Is this 2% of ones total assets?


----------



## Steven Barrett (31 Oct 2016)

monagt said:


> Is this 2% of ones total assets?



Total assets invested. I had asked her how much she was investing and priced the work accordingly. Missey told me other advisors told her there would be no charge to her. Were they doing it for free?


Steven
www.bluewaterfp.ie


----------



## monagt (31 Oct 2016)

SBarrett said:


> Total assets invested. I had asked her how much she was investing and priced the work accordingly. Missey told me other advisors told her there would be no charge to her. Were they doing it for free? Steven www.bluewaterfp.ie



Question not related to Missey 

Say one has PPR, Property X, Equities Y, Cash Z, Income I, is it PPR+X+Y+Z+I x 2% as a fee for a Financial NCT & Plan?

Or is a separate Fee?

Thx, M


----------



## Steven Barrett (1 Nov 2016)

monagt said:


> Question not related to Missey
> 
> Say one has PPR, Property X, Equities Y, Cash Z, Income I, is it PPR+X+Y+Z+I x 2% as a fee for a Financial NCT & Plan?
> 
> ...



God no! Missey wanted investment advice on the implementation of an investment for a sum of money. 

A financial plan is completely different. I charge a fee of €1,500 for a financial plan. If you require me to do any work afterwards, there is a charge for that as it is separate work. 

Steven
www.bluewaterfp.ie


----------



## monagt (12 Dec 2016)

SBarrett said:


> God no! Missey wanted investment advice on the implementation of an investment for a sum of money. A financial plan is completely different. I charge a fee of €1,500 for a financial plan. If you require me to do any work afterwards, there is a charge for that as it is separate work. Steven   www.bluewaterfp.ie



OK got it for the Financial Plan, then is it 0.5% of all assets, investable/invested assets, equity, Income stream or *is there a quoted fee for advice?
*
If I am not asking the right questions, please enlighten me.
*
Thx. M *


----------



## Steven Barrett (12 Dec 2016)

I'm not sure I'm following you correctly. 

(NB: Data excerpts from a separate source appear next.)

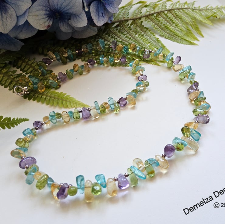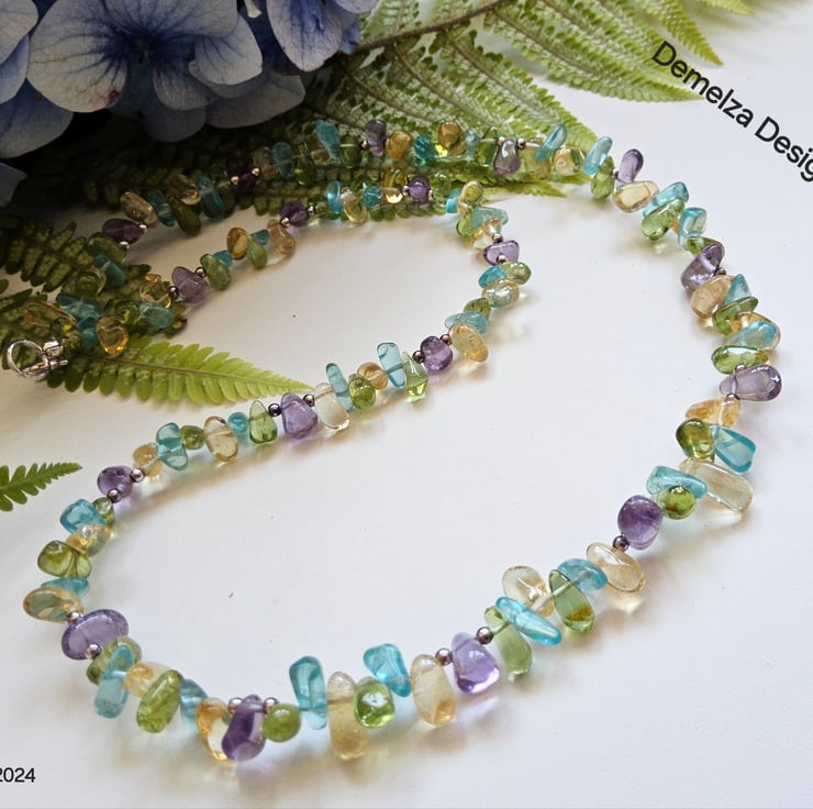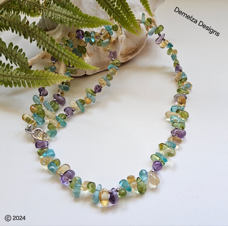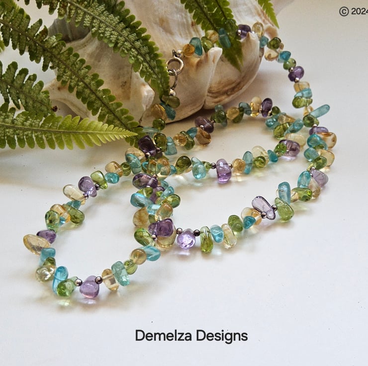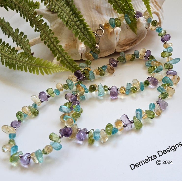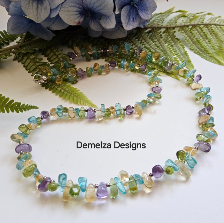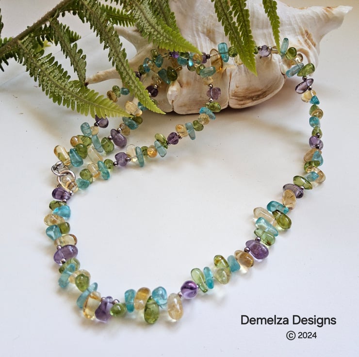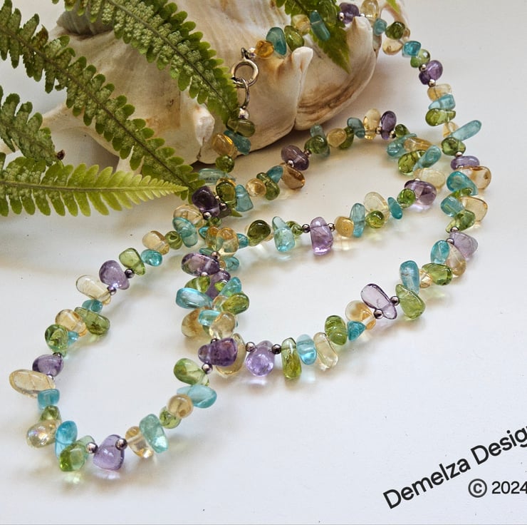 A very feminine eye catching necklace designed and hand crafted in Cornwall using irregular shaped A grade quality genuine gemstone drops. The drops have exceptional clarity and colour for their size. The gemstones consist off citrine, apatite, peridot and amethyst. Between each amethyst drop are 2mm 925 sterling silver spacer beads for added sparkle during wear and luxury. For the main construction coated professional stainless steel jewellers wire has been used for added strength and lasting durability, finished off with a 925 sterling silver bolt ring clasp, D ring and crimp covers.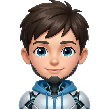 Brown man with straight hair and no facial hair and happy with hoodie black hoodie and kid emoji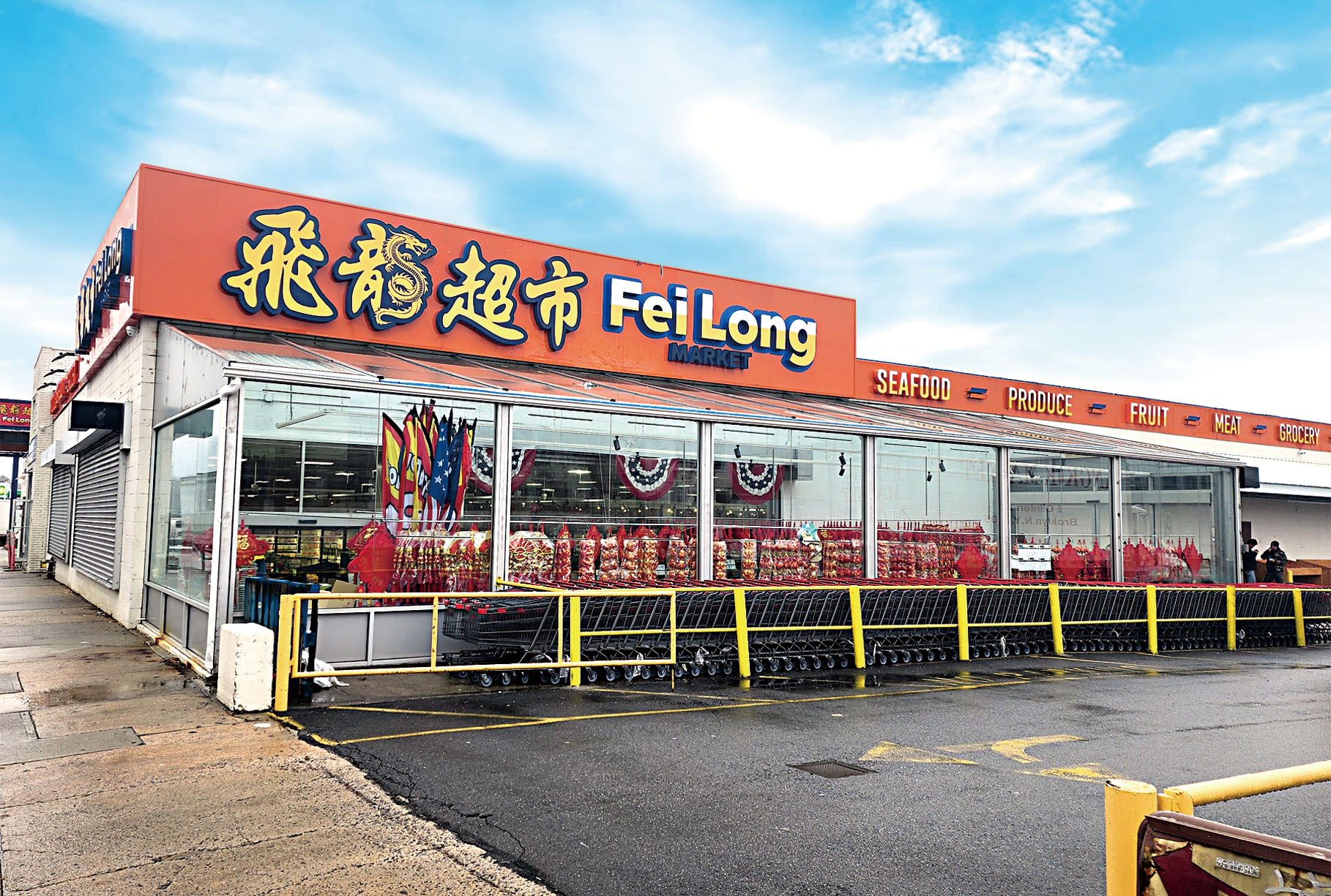 法拉盛飛龍超市店面25,000呎,擁有大型雙停車場,一個從飛龍超市正門入口,另一個從bp加油站後面位於Avery Ave.入口。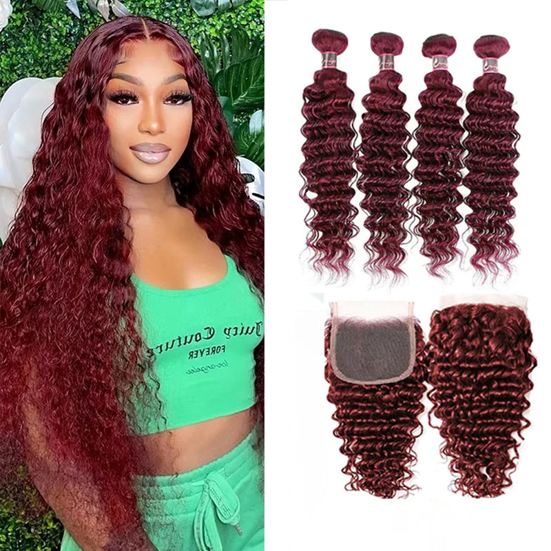 350 Ginger Orange Deep Wave 4 Bundles avec 4x4 Lace Closure Brazilian Remy Hair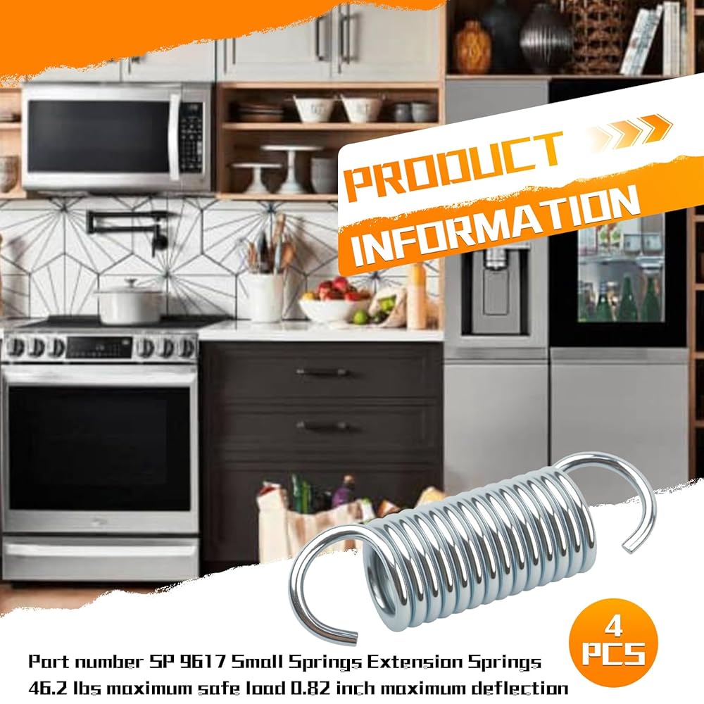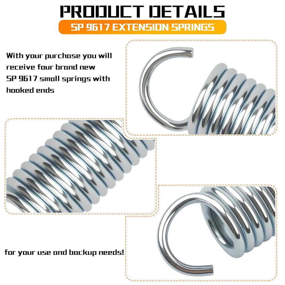 Product Information: Part Number 9617, Small Spring, Extension Spring, Dimensions: 2.64 inches × 0.75 inches × 0.6 inches. Your purchase includes 4 brand new 9617 small springs with hook ends for use and backup.

If someone comes in for a financial plan, the cost is €1,500. 

If they have work they want me to implement afterwards, I charge for that separately. 
If some of that work is investment, pension business, there is also 0.5% charge on the assets I manage. There is no charge for assets outside of my management. 

Steven
www.bluewaterfp.ie


----------